Six victims, five aliases and a decades-old murder mystery

A suspected serial killer, who used various aliases during a cross-country homicide spree, took his darkest secrets to his grave.

In New Hampshire, where he went by the name of Robert “Bob” Evans in the 1980s, authorities revealed Thursday they think he killed two women and three children before moving to California and killing his wife decades later.

Evans was serving time in California for his wife’s murder when he died of natural causes in 2010.

Now investigators have identified Evans, a longtime handyman and drifter who moved stealthily around the country, as the main suspect in a string of unsolved homicides.

“He certainly fits the profile of a serial killer,” Jeffery Strelzin, senior assistant attorney general in New Hampshire told reporters Thursday.

The break in the case came earlier this year. The San Bernardino County Sheriff’s Office in California had just solved a 31-year-old cold case involving a little girl who had been abandoned and remained unidentified, according to Strelzin.

DNA tests linked the girl to relatives of her mother, Denise Beaudin, 23, who was last seen in New Hampshire in November 1981 with Evans and her 6-month-old daughter, Dawn.

‘Happy and secure life’

Known as Lisa Jenson in California, the girl is now a mother of three. In a statement read by Strelzin, she called her story “incredulous,” said she was grateful for being reunited with her grandfather and cousins and asked that her privacy be respected.

“I have three beautiful children and a loving husband, and would like our presently happy and secure life to remain intact and protected,” she said in the statement.

Investigators said the girl was abandoned in California in 1986 by a man named Gordon Jenson, one of many aliases used by Evans throughout the years.

The man, who falsely claimed to be the girl’s father, abandoned her with a family that lived at an RV park in Santa Cruz County, Strelzin said.

Evans worked at the park as an electrician and handyman but disappeared after suspicions were raised about his relationship with the girl. He raised her for about five years before leaving her with neighbors, who eventually gave her up for adoption.

‘A chameleon’

Fingerprints taken from the trailer where Evans lived with the girl matched those of a man named Curtis Kimball, another of Evan’s aliases. Under that name, Evans had been arrested in Cypress, California, in 1985 on DUI, endangering the welfare of a child and other charges, investigators said. Lisa was with him at the time.

Strelzin said fingerprint comparisons showed Evans, Kimball and Jenson were the same person.

“This was a guy who was a chameleon,” Strelzin said.

An arrest warrant was issued in connection with the abandonment of the girl and authorities used booking photos under Evans’ various aliases to identify him as the man who disappeared from New Hampshire with Beaudin.

But Evans eluded arrest until November 1988, when he was picked up in San Luis Obispo for driving a vehicle stolen in Idaho. The owner of the car knew Evans under yet another alias, Strelzin said.

He was locked up on the abandonment charges and released on parole in October 1990, when he again disappeared for the next dozen years, according to investigators.

In 2002, Evans was arrested for the homicide of Eunsoon Jun in her Richmond, California, home, Strelzin said. He had “unofficially” married the woman one year earlier. Her body was found buried under a large amount of cat litter in the basement. The cause of death was blunt trauma to the head and her body showed signs of attempted dismemberment. He was again living under another name.

A grisly discovery

DNA tests later showed that Evans was not the biological father of the girl he had abandoned. Sentenced to 15 years to life in prison for Jun’s murder, Evans died behind bars of natural causes in December 2010.

Strelzin said investigators have now concluded that Evans likely killed Beaudin and disposed of her body.

And the time frame of Beaudin’s disappearance led them to consider a connection between Evans and the grisly discovery of four bodies in 1985 and 2000 near Bear Brook State Park in Allenstown, New Hampshire.

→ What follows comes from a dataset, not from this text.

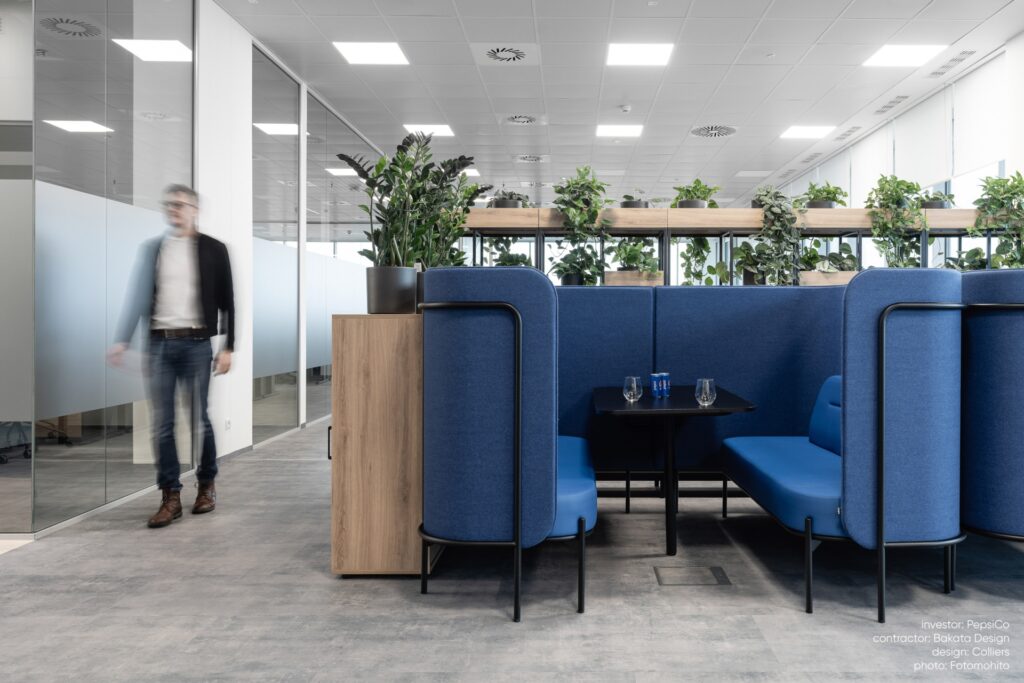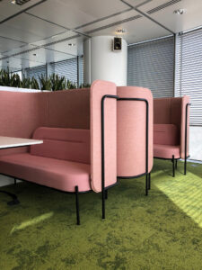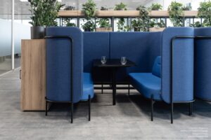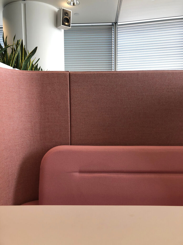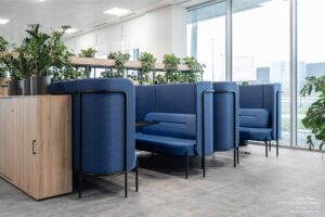 Tapicerowane panele redukują hałas, zapewniając prywatność spotkań i swobodną komunikację. Ergonomiczny układ z sofami i stołem sprzyja kreatywnej współpracy, a modułowa konstrukcja pozwala łatwo dopasować zestaw do charakteru biura.
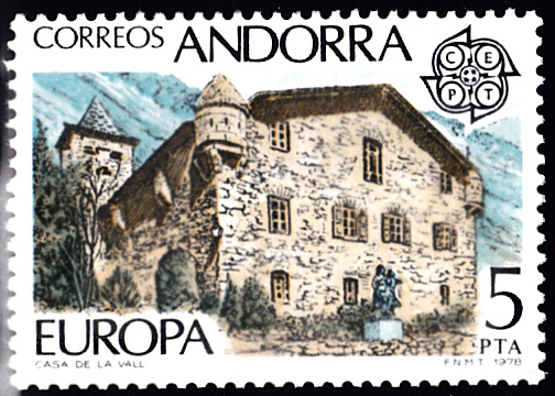 Bei der spanischen Post in Andorra erschienen am 2. Mai 1978 die Europamarken 1978 zum Gemeinschaftsthema "Baudenkmäler". Hier die Marke zu 5 Peseta mit dem Alten Rathaus in Andorra la Vella. Die Auflage betrug 984 221 Stück.

During deer season in November 1985, a hunter in Allenstown found two females in barrels near the park, known for its bogs, lakes and trails. One was a young adult in her twenties; the other was a child between 8 and 11 years old.

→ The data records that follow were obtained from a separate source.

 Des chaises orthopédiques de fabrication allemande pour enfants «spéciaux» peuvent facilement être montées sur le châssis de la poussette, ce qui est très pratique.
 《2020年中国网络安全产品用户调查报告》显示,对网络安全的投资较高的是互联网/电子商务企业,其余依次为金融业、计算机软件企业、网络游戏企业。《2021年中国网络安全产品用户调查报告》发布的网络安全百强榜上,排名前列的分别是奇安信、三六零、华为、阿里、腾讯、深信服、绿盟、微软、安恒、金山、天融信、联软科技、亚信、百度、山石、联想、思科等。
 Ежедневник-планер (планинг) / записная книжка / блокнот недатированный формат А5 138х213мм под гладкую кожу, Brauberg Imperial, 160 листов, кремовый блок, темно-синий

In 2000, an investigator drove to the Allenstown scene to check on the proximity of barrels on the property to a road and a mobile home park close by. The property included a trailer and the remains of a burned camp store.

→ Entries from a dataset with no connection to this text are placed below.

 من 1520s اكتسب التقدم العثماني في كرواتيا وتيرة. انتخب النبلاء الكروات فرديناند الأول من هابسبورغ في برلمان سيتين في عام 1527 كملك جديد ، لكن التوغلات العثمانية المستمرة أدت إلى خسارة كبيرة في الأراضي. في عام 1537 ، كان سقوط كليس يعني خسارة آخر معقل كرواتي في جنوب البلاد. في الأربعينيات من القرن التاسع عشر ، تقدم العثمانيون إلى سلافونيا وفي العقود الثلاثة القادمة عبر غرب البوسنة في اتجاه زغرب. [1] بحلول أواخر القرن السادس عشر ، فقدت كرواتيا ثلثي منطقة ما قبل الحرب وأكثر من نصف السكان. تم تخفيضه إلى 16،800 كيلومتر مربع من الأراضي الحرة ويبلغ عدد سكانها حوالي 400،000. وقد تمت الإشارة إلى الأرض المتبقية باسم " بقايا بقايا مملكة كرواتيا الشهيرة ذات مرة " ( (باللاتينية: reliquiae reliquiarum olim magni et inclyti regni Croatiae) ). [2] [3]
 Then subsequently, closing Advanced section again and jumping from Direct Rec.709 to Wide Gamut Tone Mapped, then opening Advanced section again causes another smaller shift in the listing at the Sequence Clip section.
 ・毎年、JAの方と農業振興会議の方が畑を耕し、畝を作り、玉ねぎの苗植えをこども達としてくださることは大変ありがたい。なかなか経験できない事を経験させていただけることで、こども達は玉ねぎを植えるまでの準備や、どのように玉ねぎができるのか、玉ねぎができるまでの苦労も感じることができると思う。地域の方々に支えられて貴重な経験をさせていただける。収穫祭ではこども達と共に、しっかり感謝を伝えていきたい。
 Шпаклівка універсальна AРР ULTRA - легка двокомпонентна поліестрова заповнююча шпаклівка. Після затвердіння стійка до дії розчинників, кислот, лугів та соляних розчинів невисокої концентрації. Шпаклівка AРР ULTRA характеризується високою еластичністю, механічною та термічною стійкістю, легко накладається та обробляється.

In a barrel, the trooper found the bodies of two girls; one was 2-4 years old, the other was 1-3 years old.

DNA tests have confirmed that the adult, the older child and the youngest were maternally related, according to Strelzin. The adult female had been dismembered; the lower legs of the oldest girl had been severed.

Genetic tests showed that Beaudin was not the adult, according to investigators. Other genetic tests confirmed that Evans was the father of the girl who was between 2 and 4.

At the time of the slayings, Evans did electrical work on the property where the bodies were found.

“Now we’re hoping that by releasing information about the killer that that will help identify those victims and other victims we believe that killer is responsible for,” Strelzin said.